Cecilia has toured extensively on the eastern coast of the United States, with regular performances in both New York and Washington, DC areas. Cecilia has shared the stage with other Virginia acts including Virginia Coalition, Pat McGee Band and Tim Reynolds, and performed at the Wetlands Preserve before its closing in 2001.

== Music ==
The band's pop music sound is focused around the three-part vocal harmonies provided by lead singers Laura and Allison along with backing vocals by their mother Jeannie, which are reminiscent of the Indigo Girls and Mariah Carey. The vocals are supported by Drew's lead guitar riffs, often evoking Dave Matthews and Tim Reynolds comparisons and Kevin Jacoby's melodic bass lines, often in the style of Fleetwood Mac's John McVie. Patriarch Ken plays drums as well as adding vocals and guitar parts (often simultaneously). Ken is known for playing a bare-bones "street kit" that includes a Djembe as an all-purpose drum.

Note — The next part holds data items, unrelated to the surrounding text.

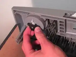 Снимите винты и черную деталь, которые удерживают регулятор громкости на месте.
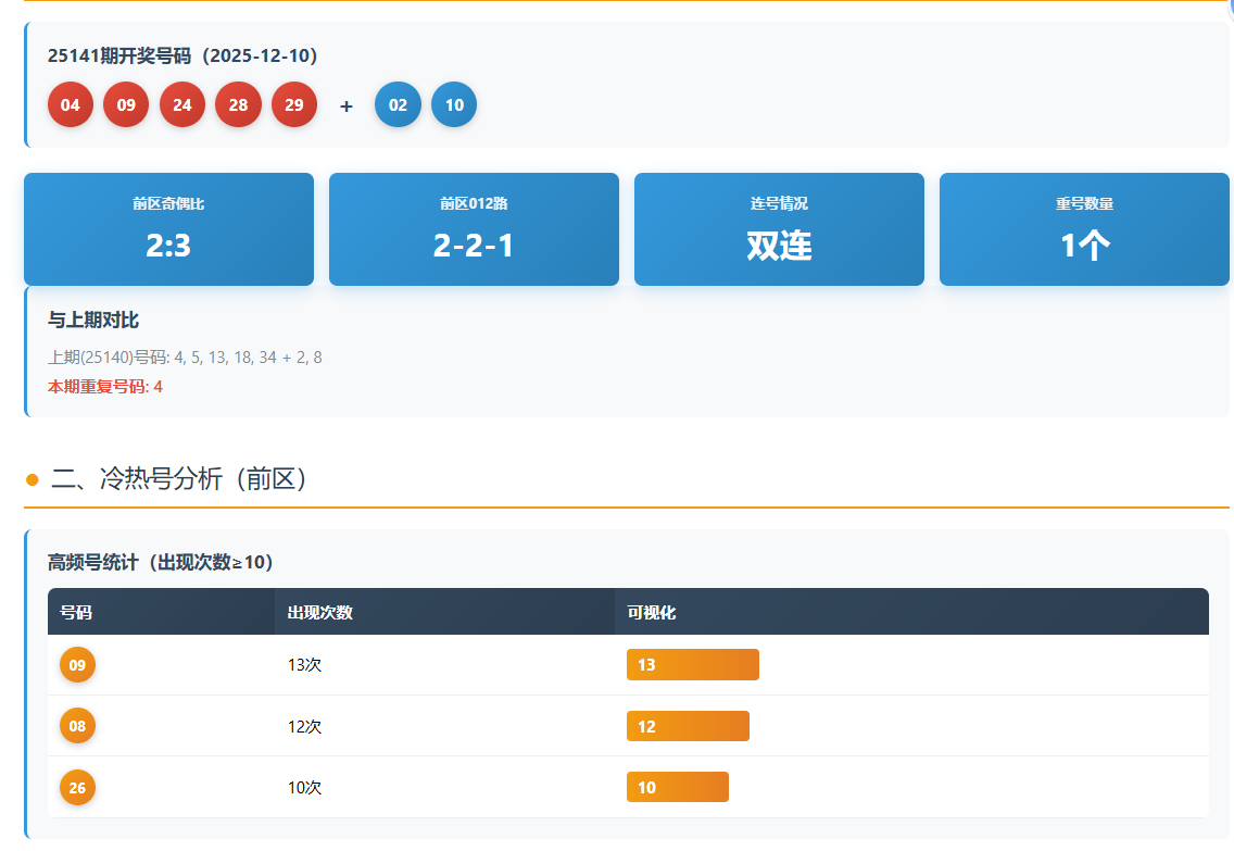 25141期开得有点意思,前区 04、09、24、28、29,后区 02、10。乍一看,这组号码就像“慢热型选手+突然炸场的小高潮”——前区一左一右都冒了头。奇偶比是 2:3,依旧是近段时间里相对常见的“偏偶风”;大小结构则呈现明显的“前小后大”,尤其后面的 28、29 像两座紧挨的山头,把四区五区的存在感拉满 😊。
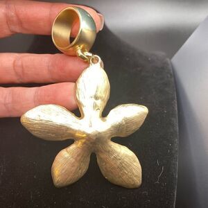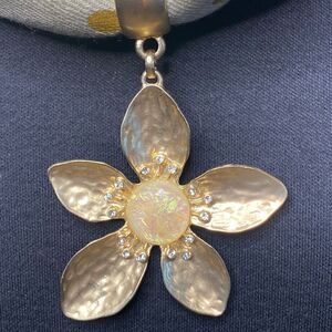 Gold tone flower scarf charm with rhinestones and opal like stone in center 3”
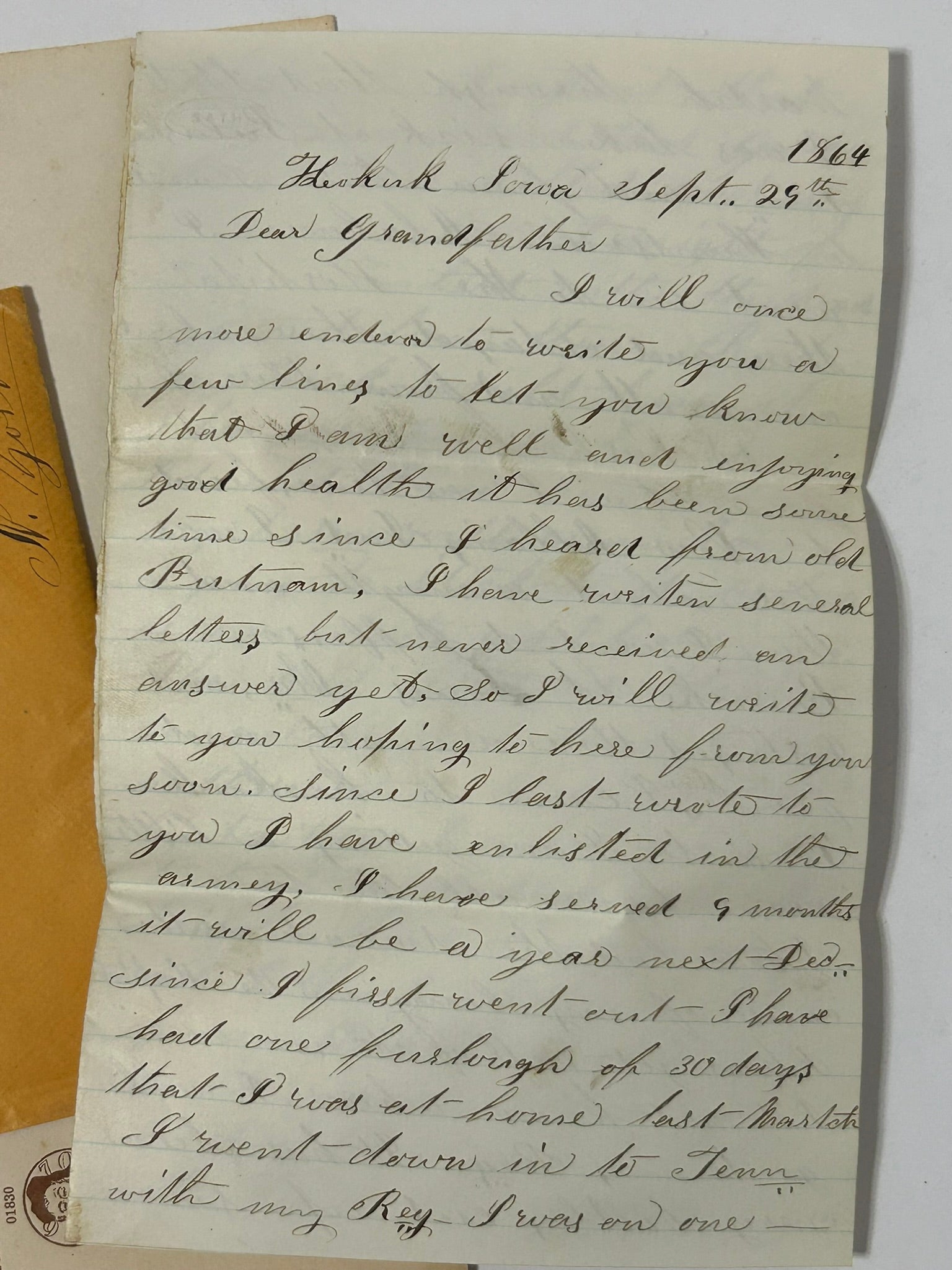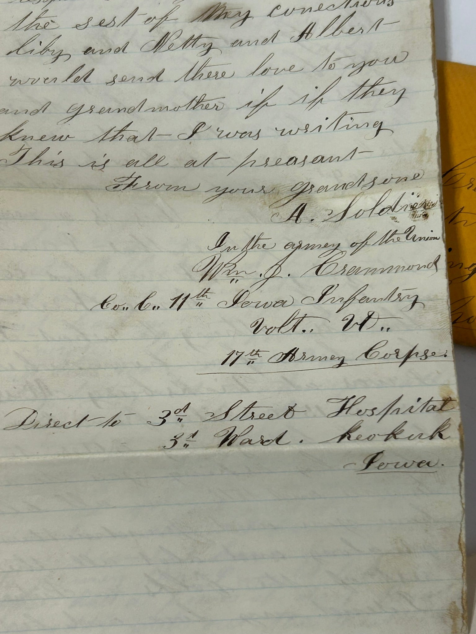 CIVIL WAR 1864 LETTER FROM 11TH IOWA INFANTRY SOLDIER MENTIONING VOTING FOR ABE LINCOLN
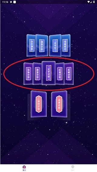 2、进入首页后,中间位置设有识别功能区,包含动物、蔬菜、文字、红酒、车辆识别等选项。
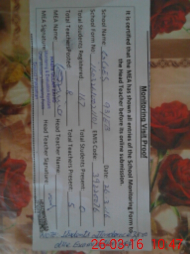| Certified that this School was Inspected by the Undersigned MEA/DMO Today and the Information Stated Above is as Per Record. | |||||
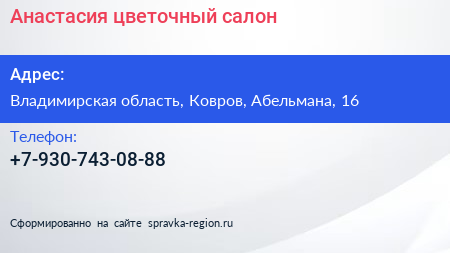 Анастасия, цветочный салон по адресу Владимирская область, Ковров, Абельмана, 16 в дальнейшем Организация, размещена в следующих категориях:
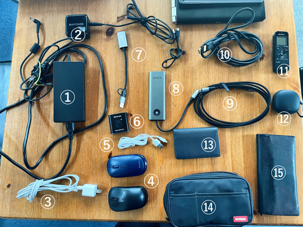 ⑪ICレコーダー・・・大事な会議や打合せは後で文字起こしするので、その際に忍ばせています。

The band's final lineup consisted of:
- Allison Veltz - lead vocal, percussion
- Drew Veltz - lead guitar
- Jeannie Veltz - vocals, percussion
- Ken Veltz - songwriter, drums, guitar, vocals
- Laura Veltz - songwriter, lead vocal, rhythm guitar, accordion, percussion
- Kevin Jacoby - bass

== Discography ==
- 1999 - It Just Doesn't Matter
- 1999 - Kitchen Mix
- 2001 - Live @ Zig's
- 2002 - September
- 2002 - Off The Record
- 2003 - Live @ The Source
- 2006 - This (as The Veltz Family)

== Follow-up ==
- As of 2012 Ken and Jeannie were also in Nashville, still performing as an acoustic duo in small, intimate clubs, house concerts, and listening rooms. In 2011, they sold their property and became traveling musicians.
- Kevin Jacoby (KJ) stayed in New York City and married costume designer Cora Levin. He returned to life as a freelance bass player, appearing live and on recordings with artists including La Mecanica Popular, Ato Essandoh, Chris London, Owen Brown, and Rocky Bryant of Average White Band. In 2017, KJ formed The Oddysy with DJ Johnny Juice of Public Enemy.